Air park neighbors disturbed, file suit

Oppose appeals decision allowing commercial use

July 20, 1999|By Sheridan Lyons | Sheridan Lyons,SUN STAFF

About two dozen neighbors of the Keymar Airpark oppose a recent county zoning appeals decision allowing the 29-year-old facility to operate as a commercial airport, and have filed suit asking the Carroll Circuit Court to review the decision.

About nine of the plaintiffs testified at the Board of Zoning Appeals hearing earlier this year, saying low-flying airplanes disturbed them and might affect farm animals in the area, and expressed fear of accidents.

A Frederick County couple, Dennis P. and Brenda L. Young, bought the Keymar airport in 1997 and built a home there, said Brenda L. Young, a 39-year-old mother of five. She doesn't fly, but her husband is getting his pilot's license.

Although they applied to change the status from a private airport to a private commercial airport with accessory uses and buildings, Young doesn't think they needed the zoning board's approval.

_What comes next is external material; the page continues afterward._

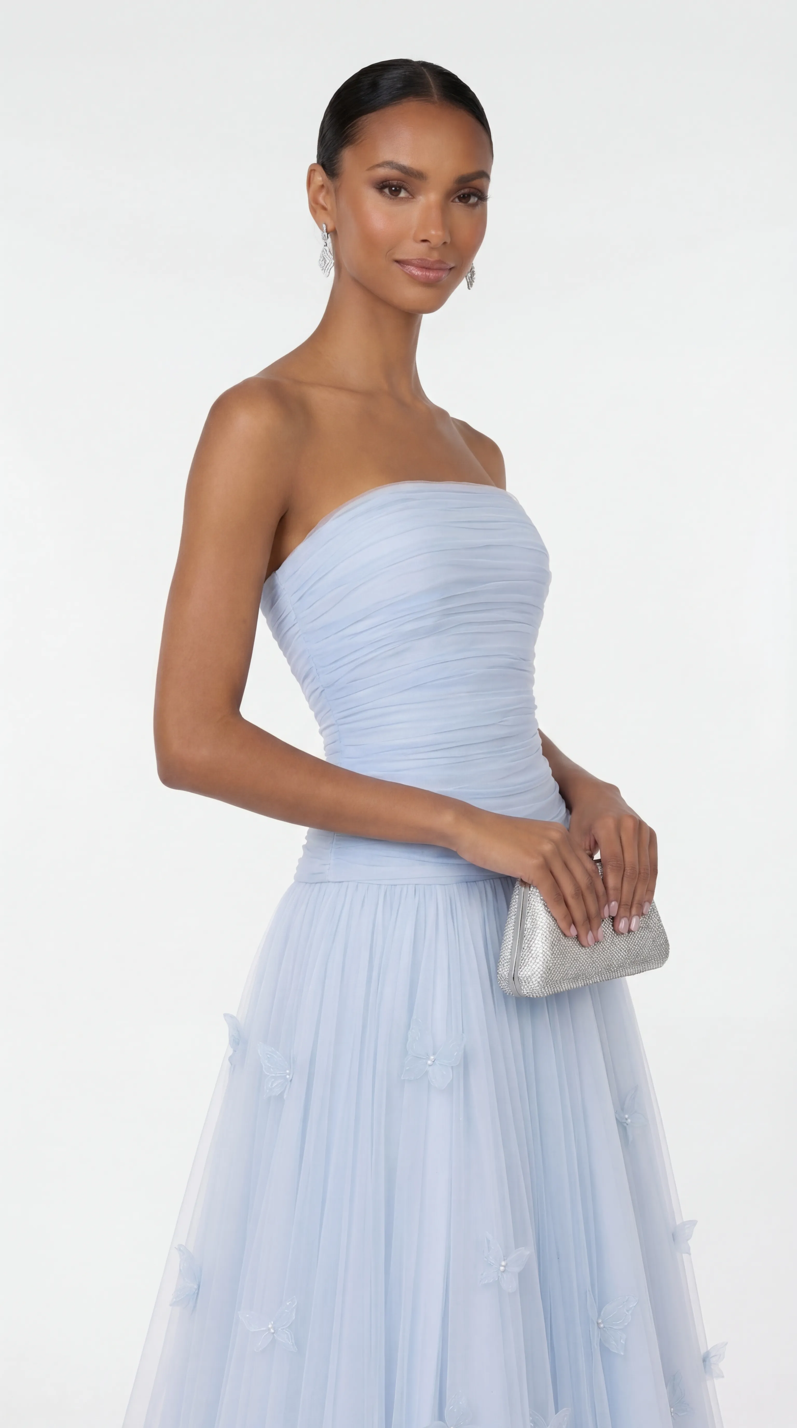 3D Butterfly Appliqués: The sheer outer layer of the skirt is embellished with delicate 3D butterfly motifs, each featuring a shimmering pearl or crystal center for a touch of whimsical luxury.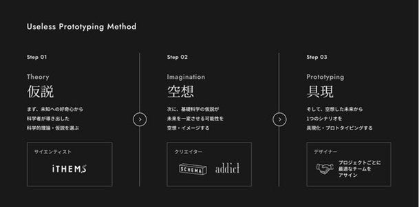 本プロジェクトでは、「Useless Prototyping Method(ユースレス・プロトタイピング・メソッド)」という、下記の3つのステップに基づく独自メソッドを活用して、科学的理論・仮説が持つ未来へのポテンシャルを可視化していきます。

"It's been here 30 years. It's not a new airport, so they pretty much had to," she said of the board's decision. "If it goes to the Circuit Court and the judge upholds it, then that will be a precedent for this operation and especially for Carroll County."

The 16-acre air park was built on agricultural land in 1970 by previous owners Robert and Winifred Miller, now retired, who said in a 1996 interview that their original license from the Federal Aviation Administration to operate a private airstrip was free -- so long as they did not charge pilots to use it.

After two days of hearings in April and May, the zoning appeals board ruled in favor of the Youngs, saying the county zoning ordinance allows public or private airports as a conditional use in agricultural areas, subject to the approval of the State Aviation Commission.

The plaintiffs are asking the court to overturn that June 16 decision or to modify it, said their attorney, Charles M. Preston. The board on July 2 denied a request for reconsideration.

In a written decision, the board said it found no adverse effects upon the neighborhood and noted testimony for the Youngs from several experts, including a representative of the Maryland Aviation Administration who said the site was ideally suited for the proposed use, that noise from airplanes at the location is below the level set by the MAA and the FAA, that only single-engine aircraft would use the grass airstrip, and that takeoff and landing patterns were sufficient and clear of obstruction. The runway is lighted, and is longer and has more clearance than required.

No gasoline would be sold, no tow planes or parachutists allowed, and three to four hangar buildings are planned, according to the testimony. A commercial designation would allow the sale of pilot accessories such as radios and Global Positioning System instruments.

The board set conditions, including restricting the airport to a grass runway and to no more than 15 planes at a time -- "tie downs" for which they could collect rent, according to the opinion.

Young said the airport probably could accommodate 50 to 60 planes, "so that could limit the number of flights -- and that is illegal. Once the key goes in the ignition of an aircraft, it becomes a federal matter. The FAA makes the rules for pilots." She said they may file a counter-appeal to lift the restrictions.

In 1997, the Youngs received a violation notice of alleged illegal use and operation of the private landing field from the county zoning officer, but the zoning appeals board in 1998 found no violation, according to Young and the board opinion.

"There's no big jets coming in here or anything," she said. A busy day now means "five, six, seven on a nice weekend day. Some days are zero."

"I counted one day about 26 military aircraft flying over the airport that had nothing to do with our airport," she said.